As for Haberland's motion for a preliminary injunction, the purpose of a preliminary injunction is to preserve the status quo, thereby protecting a court's ability to render a meaningful judgment on the merits. See, e.g., Sun Microsystems. Inc. v. Microsoft Corp. (In re Microsoft Corp. Antitrust Litig.), 333 F.3d 517, 525 (4th Cir. 2003), abrogated on other grounds by eBay Inc. v. MercExchange, L.L.C., 547 U.S. 388 (2006); Omega World Travel. Inc. v. Trans World Airlines, 111 F.3d 14, 16 (4th Cir. 1997). Because a preliminary injunction grants relief before trial, it is "an extraordinary remedy never awarded as of right." Winter v. Natural Res. Def. Council. Inc., 555 U.S. 7, 24 (2008). A preliminary injunction may be awarded only on a "clear showing" that a plaintiff is entitled to such relief. Id. at 22; see also Mazurek v. Armstrong, 520 U.S. 968, 972 (1997) (per curiam); Real Truth About Obama. Inc., v. FEC, 575 F.3d 342,345-46 (4th Cir. 2009), vacated on other grounds, 130 S.Ct. 2371 (2010) reissued in relevant part, 607 F.3d 355 (4th Cir. 2010) (per curiam). To receive a preliminary injunction, a plaintiff must clearly show four things: (1) "that he is likely to succeed on the merits"; (2) "that he is likely to suffer irreparable harm in the absence of preliminary relief; (3) "that the balance of equities tips in his favor"; and (4) "that an injunction is in the public interest." Winter, 555 U.S. at 20; see also Real Truth, 575 F.3d at 346. A plaintiff must satisfy all four of these requirements. Real Truth, 575 F.3d at 346. Based on the court's review to date, Haberland is not likely to succeed on the merits of either his complaint or his amended complaint. Moreover, Haberland's proposed injunction is not in the public interest. Accordingly, the court denies Haberland's request for preliminary injunctive relief.

As for Haberland's motion for a hearing on his preliminary injunction, a hearing is not necessary in this case. The adverse parties had sufficient notice of the motion, see Fed. R. Civ. P. 65(a), and all parties have had the opportunity to brief the relevant legal issues and submit pertinent evidence. Furthermore, a plaintiffs failure to allege facts supporting his claim for relief under the governing law obviates any need for a hearing. Boyd v. Beck, 404 F.Supp.2d 879, 886 n.3 (E.D.N.C. 2005) (citing Bradley v.
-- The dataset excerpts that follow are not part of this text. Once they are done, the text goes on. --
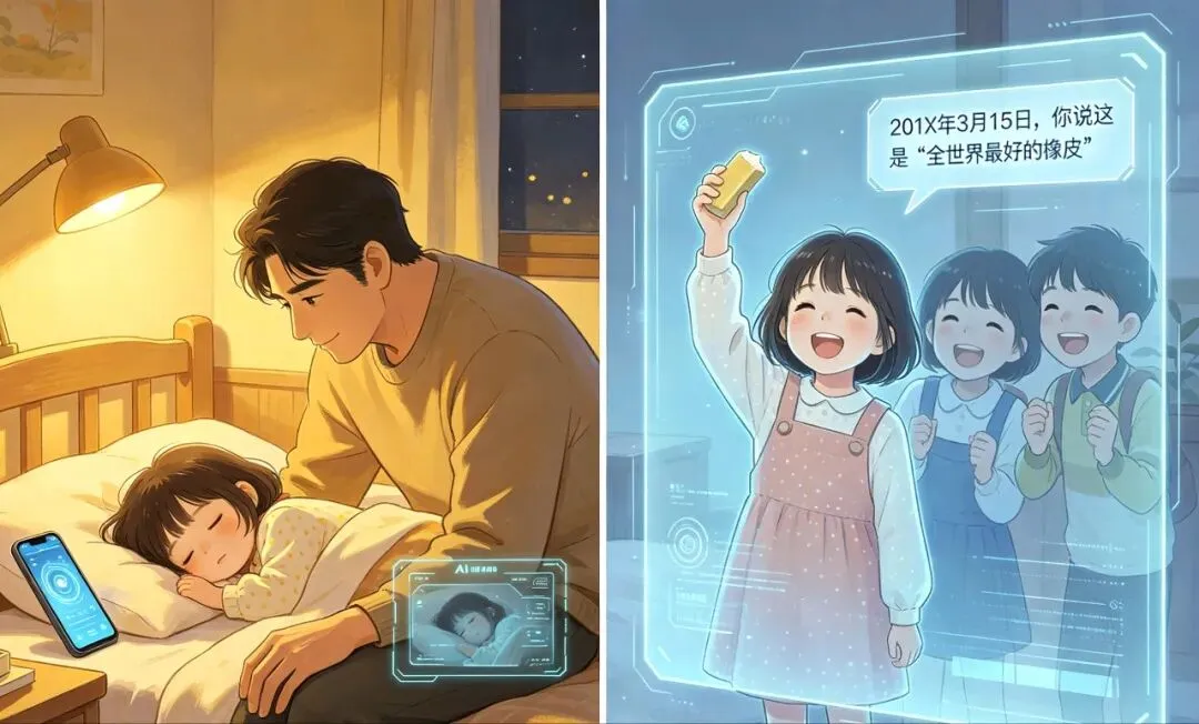 比如女儿现在每天放学都会跟我絮叨“今天小雨把橡皮掰了一半给我”“数学老师夸我竖式写得直”,这些碎碎念转头就可能被柴米油盐盖过去。但AI或许会悄悄记下:她提到“小雨”时语速会变快,说到“老师夸我”时会下意识摸一下书包上的小熊挂件。20年后,当她长成 teenager,某天突然说“想不起来小学最好的朋友长什么样了”,AI会调出那段语音记录,结合她当时的表情微数据,生成一段动态小剧场:扎着羊角辫的她,正举着半块橡皮跟另一个小女孩碰拳,阳光透过教室窗户,在她们脸上投下毛茸茸的光晕。
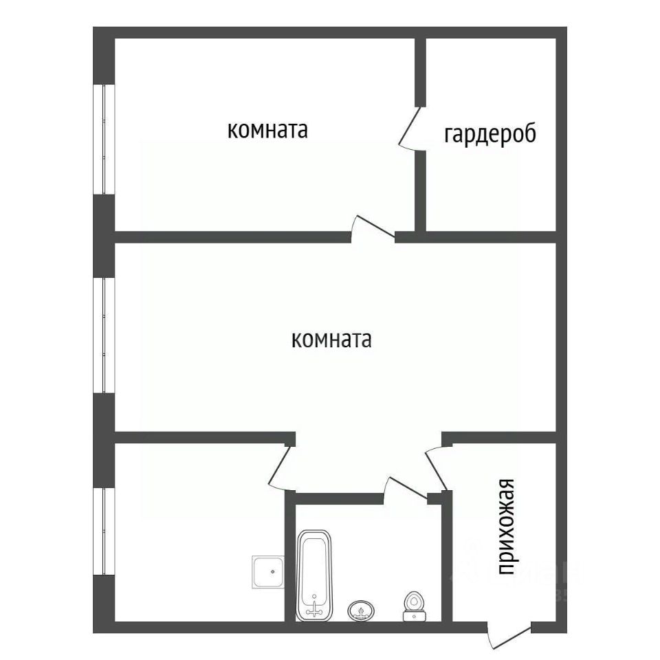* Совмещенный санузел: 4 кв.м.
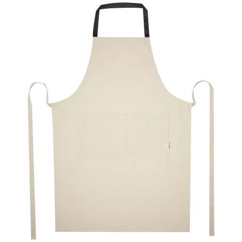 Nia fartuch wykonany w 100% z bawełny pochodzącej z recyklingu o gramaturze 200 g/m2 z certyfikatem GRS. Dzięki naturalnemu kolorowi bawełny i kontrastowej pętli na szyję, fartuch ten ochroni Twoje ubrania podczas gotowania. Nia fartuch z dwoma przylegającymi do siebie kieszeniami o łącznych wymiarach 45 x 20 cm i wiązaniu z tyłu o długości 1 metra zapewnia jest zarówno praktyczny, jak i stylowy podczas pracy w kuchni.

Pittsburgh Bd. of Educ., 910 F.2d 1172, 1176 (3d Cir. 1990) ("[A] district court is not obliged to hold a hearing when the movant has not presented a colorable factual basis to support the claim on the merits or the contention of irreparable harm."); 11A Charles Alan Wright, Arthur R. Miller & Mary Kay Kane, Federal Practice and Procedure § 2949, at 226 (2d ed. 1995) (explaining that preliminary injunctions can be denied without a hearing, even after the movant requests one, "when the written evidence shows the lack of a right to relief so clearly that receiving further evidence would be manifestly pointless")). Accordingly, the court denies Haberland's motion for a hearing on his preliminary injunction.

II.

In sum, Haberland has failed to meet the heavy burden necessary to obtain a preliminary injunction. The court DENIES Haberland's motion for a preliminary injunction [D.E. 36], DENIES Haberland's motion for a hearing on his preliminary injunction [D.E. 38], DENIES AS MOOT Haberland's motion to expedite discovery in connection with his motion for a preliminary injunction [D.E. 37], and DENIES AS MOOT Haberland's motion to expedite determination of his motion for a preliminary injunction, motion to expedite discovery in connection with his motion for a preliminary injunction, and motion for a hearing on his motion for a preliminary injunction [D.E. 48].

SO ORDERED.

FootNotes


1. In this same motion, Haberland also moved to expedite determination of his motion for leave to file an amended complaint [D.E. 48]. That motion to expedite is not addressed in this order and remains pending.